The impact jarred her shoulder, but the glass exploded outward. And as she fell through the air, she caught a glimpse of something through her wate
ry eyes—a massive, pale hand, each of its fingers tipped with a talon. Snatching at the air where she had just been.
Then the window erupted in a sudden gout of flame, outlining the horrible creature for the briefest moment in an infernal blaze that then consumed it. The creature screamed in agony and then in death.

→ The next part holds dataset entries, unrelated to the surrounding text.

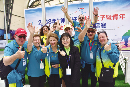 澳大利亞代表團的隊員們和隨隊志愿者——嘉職院的邵超穎同學歡樂合影。
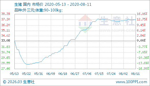 生豬08月11日最新價格37.32元/公斤,最近60天上漲21.56%。
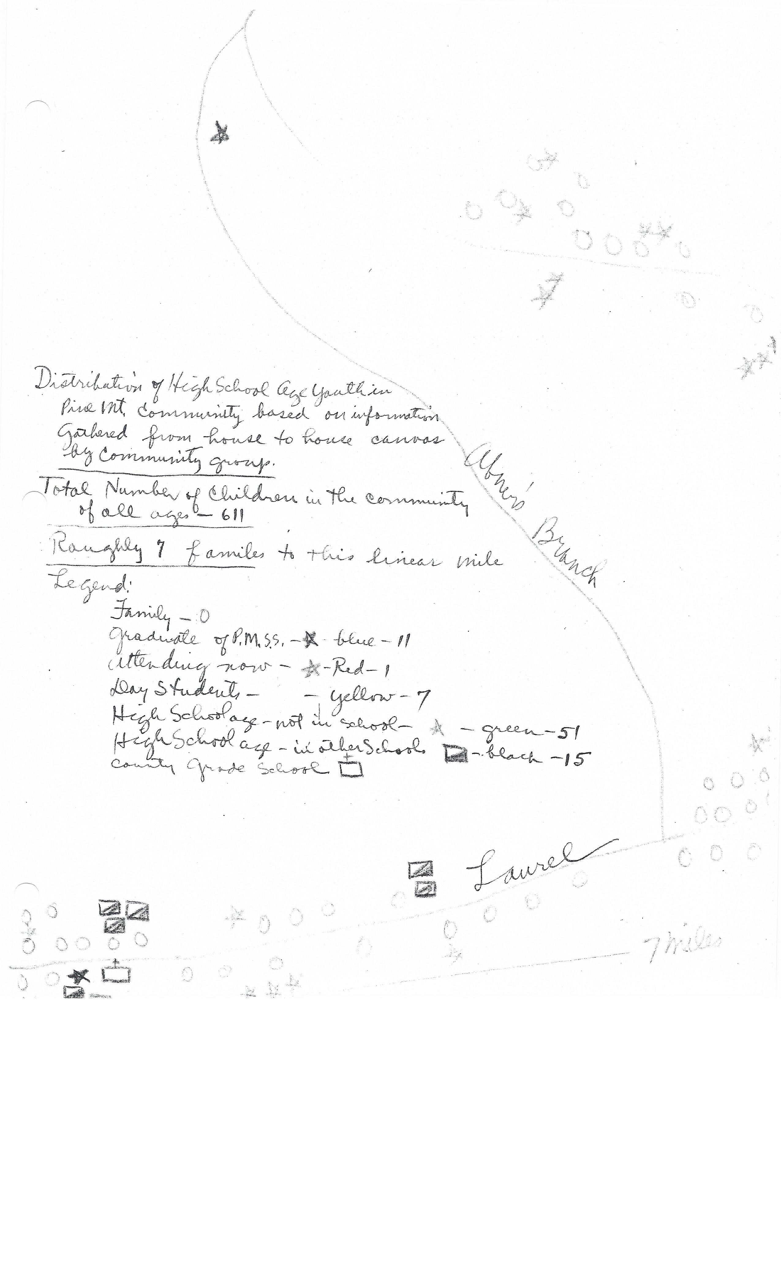 Distribution of High School Age Youth in Pine Mt. Community based on information gathered from house to house canvas by Community Group.
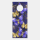 Composition of luxurious sapphire and gold jewellery butterflies on blue textured background.
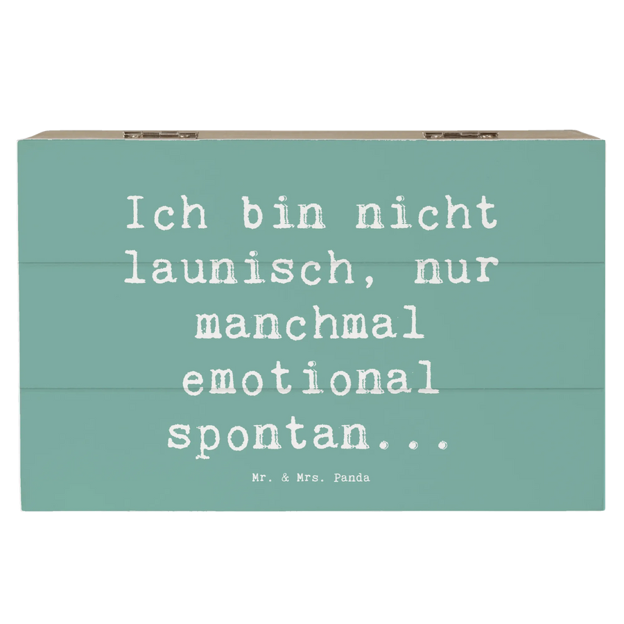 Ein ganz besonderes Highlight dieser Holzkiste ist der Spruch "Ich bin nicht launisch, nur manchmal emotional spontan...". Dieser Spruch bringt nicht nur ein Lächeln ins Gesicht, sondern erinnert uns auch daran, dass es in Ordnung ist, seine Emotionen zu zeigen. Sie eignet sich hervorragend als Geschenk für Freunde und Familie, die ein wenig Mut und Zuversicht brauchen oder einfach als Erinnerung an die schönen Dinge im Leben.
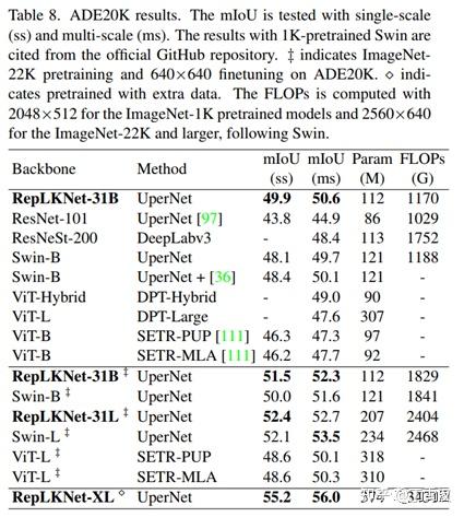 我们给RepLKNet的四个stage设定不同的kernel size,在ImageNet和ADE20K语义分割数据集上进行实验,结果颇为有趣:ImageNet上从7x7增大到13x13还能涨点,但从13x13以后不再涨点;但是在ADE20K上,从四个stage均为13增大到四个stage分别为31-29-27-13,涨了0.82的mIoU,参数量只涨了5.3%,FLOPs只涨了3.5%。所以后面的实验主要用31-29-27-13的kernel size,称为RepLKNet-31B,并将其整体加宽为1.5倍,称为RepLKNet-31L。
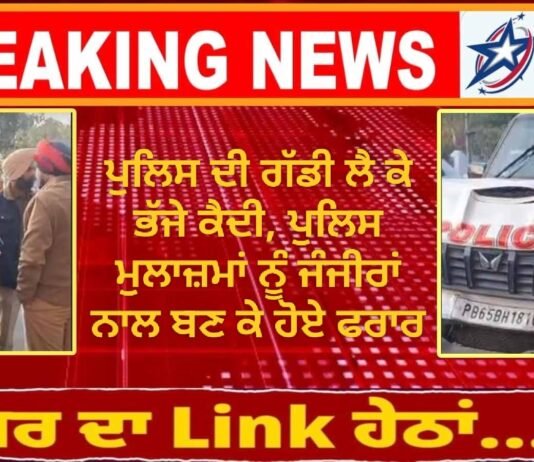 ਪੁਲਿਸ ਦੀ ਗੱਡੀ ਲੈ ਕੇ ਭੱਜੇ ਕੈਦੀ, ਪੁਲਿਸ ਮੁਲਾਜ਼ਮਾਂ ਨੂੰ ਜੰਜੀਰਾਂ ਨਾਲ ਬਣ ਕੇ ਹੋਏ ਫਰਾਰ
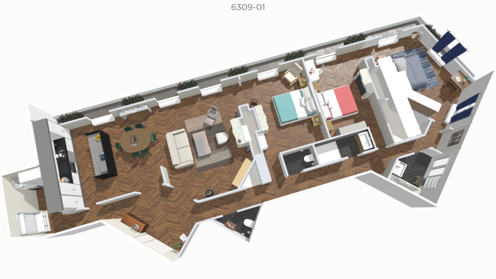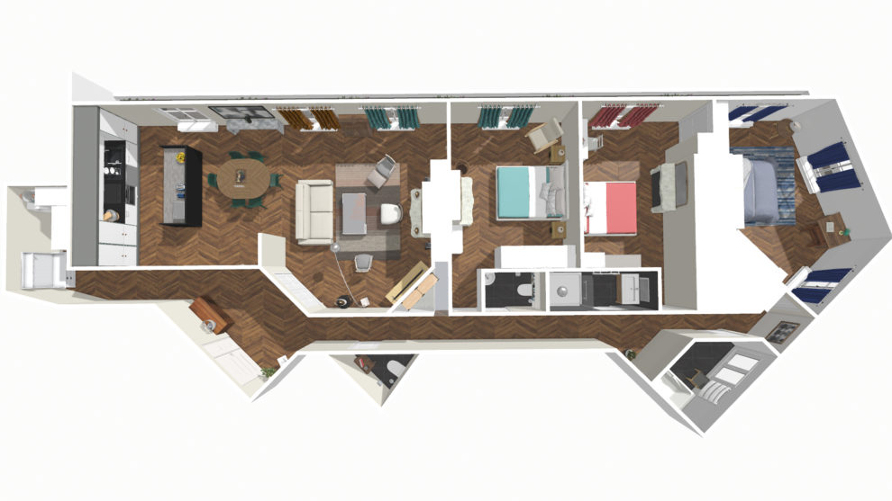 The other two bedrooms have queen-size 160x200cm beds and 140x190cm beds respectively. They also feature plenty of storage space and a view over the rooftops of Paris.
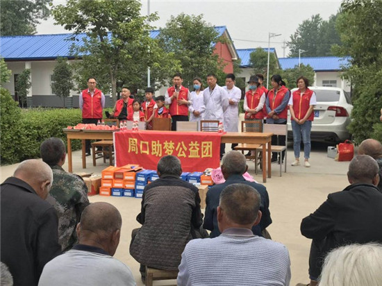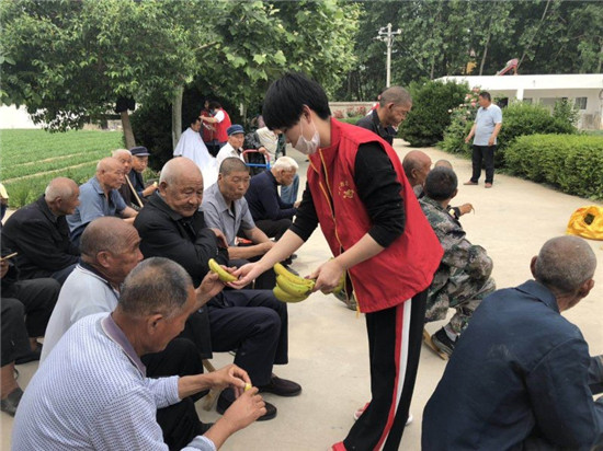 當(dāng)天上午,周口助夢公益團(tuán)20余名志愿者來到西華縣大王莊鄉(xiāng)中心敬老院,為37名老人帶來了自發(fā)捐款購買的鞋子、毛巾、襪子、香皂、臉盆、香蕉、西瓜等價(jià)值近2000元的愛心物資。
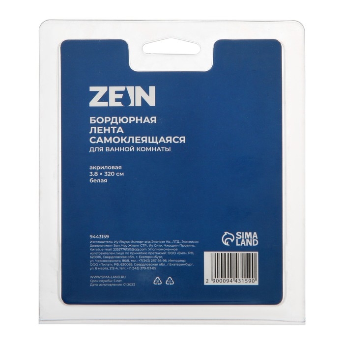 Лента бордюрная ZEIN, самоклеящаяся, для ванной комнаты, 3,8 х 320 см, акриловая, белая
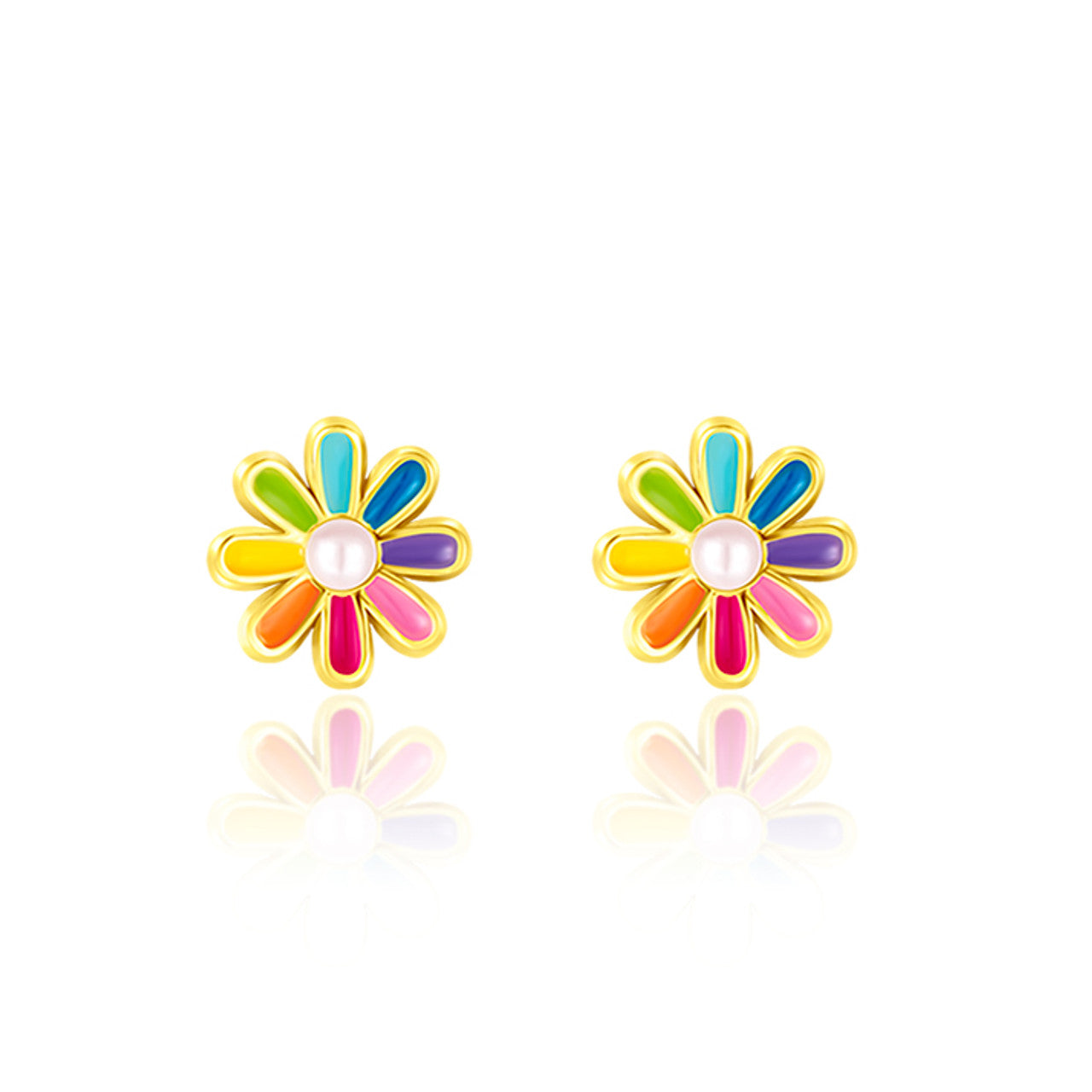 Bring a burst of color to her day with the Rainbow Daisy earrings. These cheerful studs feature a vibrant daisy design with petals in every color of the rainbow, making them a perfect accessory for any bright and happy outfit. Designed specifically for children, these earrings provide a safe and comfortable experience for all-day wear.
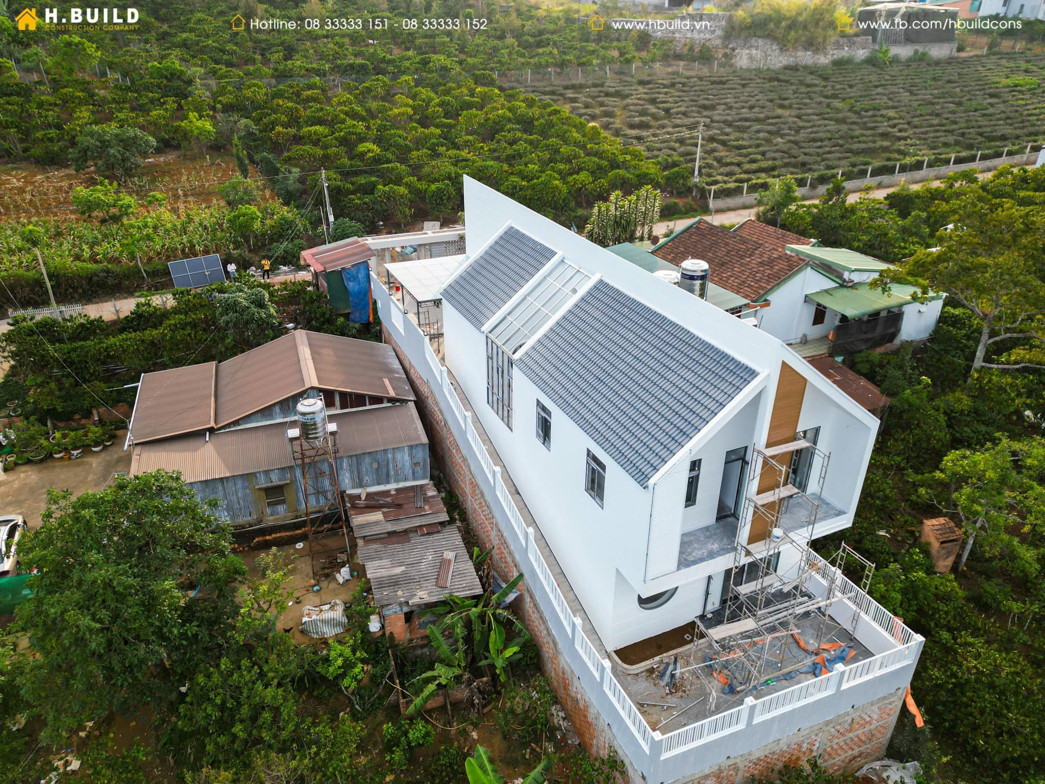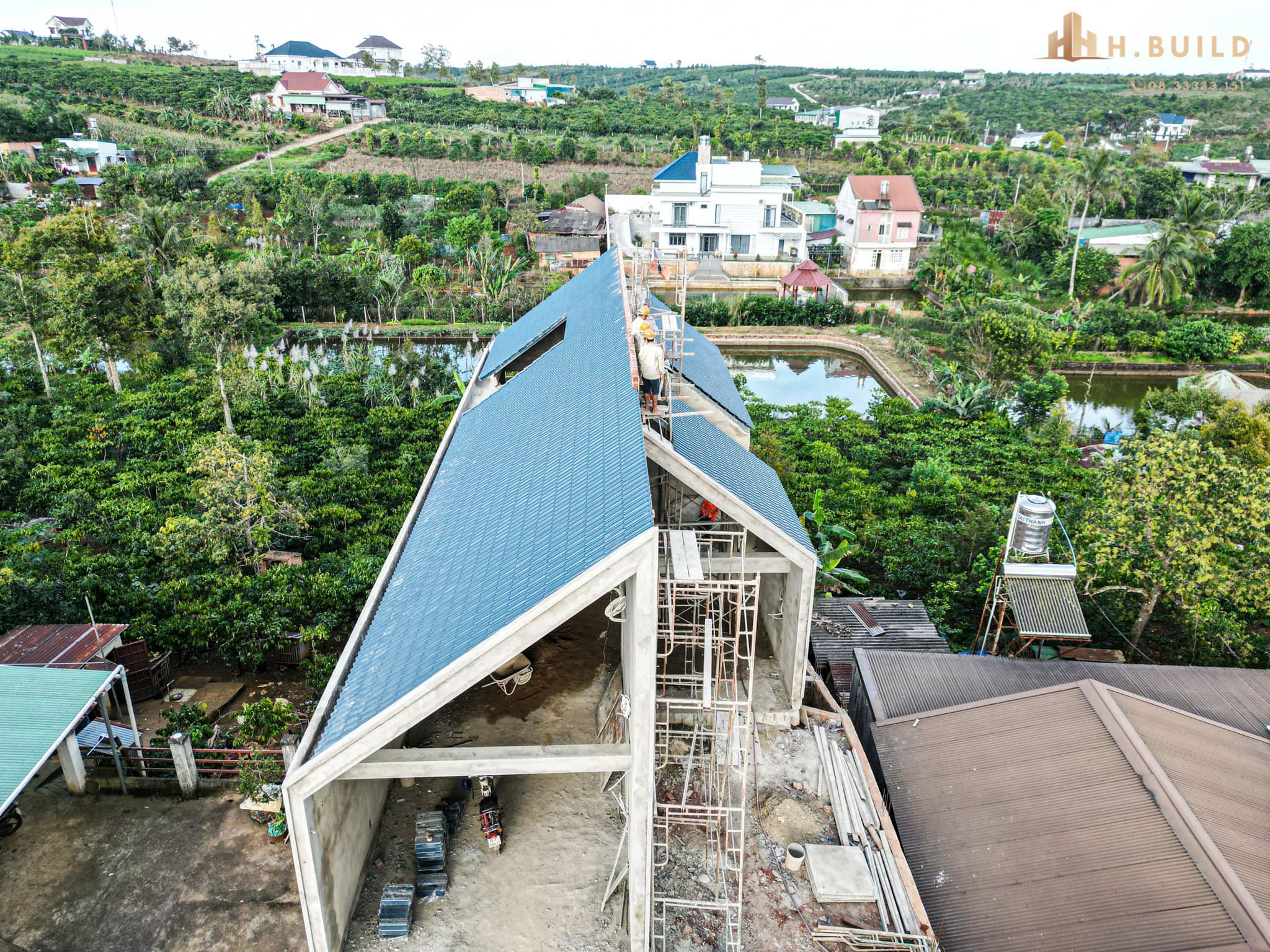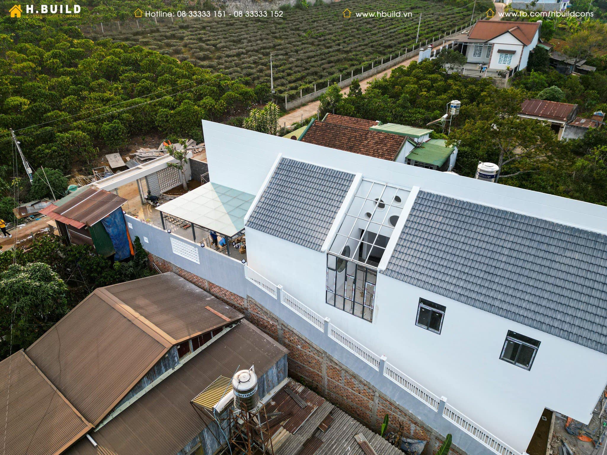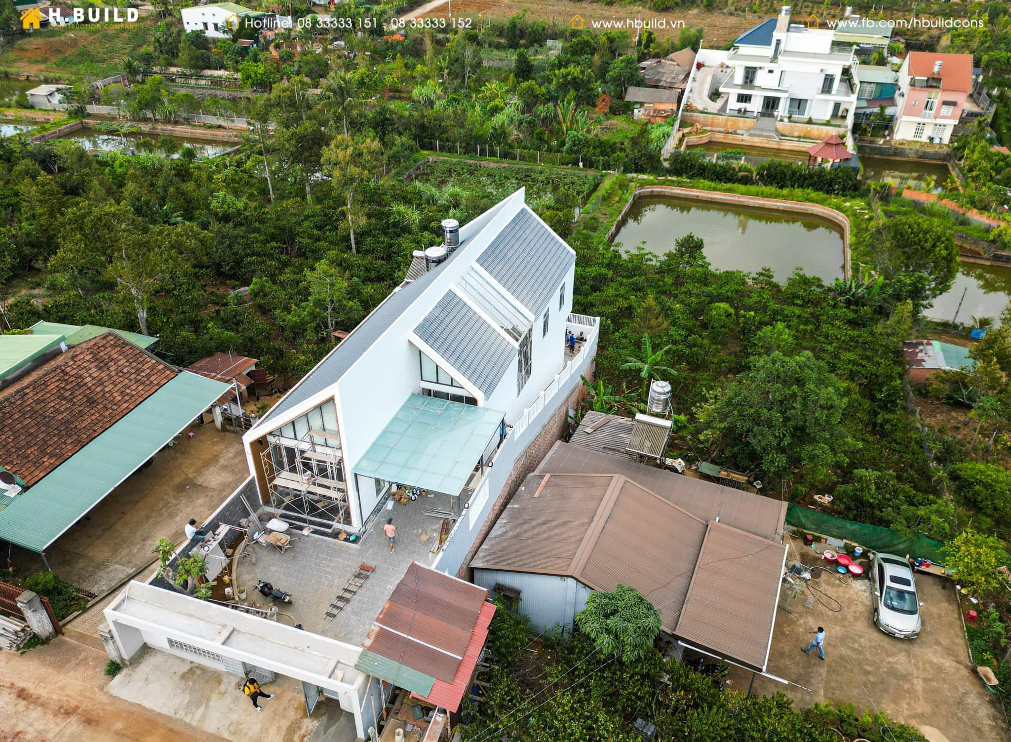 Thích ứng tuyệt đối với những cơn mưa phố núi, công trình sở hữu hệ mái dốc lệch vút cao mạnh mẽ, kết hợp khe lấy sáng để đưa hơi ấm mặt trời vào sâu bên trong. Sự tương phản giữa tường trắng tinh khôi và trần ốp gỗ tạo nên một lớp vỏ cân bằng: vừa hiện đại, vừa đủ ấm áp để chống lại cái lạnh se sắt bên ngoài.

The next moment, the ground rose up and slapped Alyssa in the back.
She blacked out.
Chapter 64: Swords Drawn
Jerem, acting Commander of the Knights of Eye, stepped onto the Runeway, short sword drawn and gripped tightly. The scar under his eye itched worse than ever, but he resisted the impulse to scratch it. Now was not the time to be self-indulgent and weak. A stiff wind tugged at his cloak, snapping it behind him, but the force of the wind cowered before the surge of dark energy pulsing through him.
The Runeway.
About this, Dransig had been right. There was no denying it, yet Herrin Fayel had told Jerem and the others that he had always believed what Dransig had told them. Shortly after Dransig had betrayed his oaths to the Knights of the Eye and fled, Fayel had sent men—Jerem included—to discover the true nature of the Runeway.
It had been just as Dransig had warned. Purest evil.
Yet even so, Fayel had said it didn’t matter to the Knights. Andrin’s Wall still stood; therefore, the only sheggam threats could come from the Knights themselves. That, Herrin had told them all after Dransig had betrayed them, was the true calling of the Knights of the Eye. Protecting the world from themselves.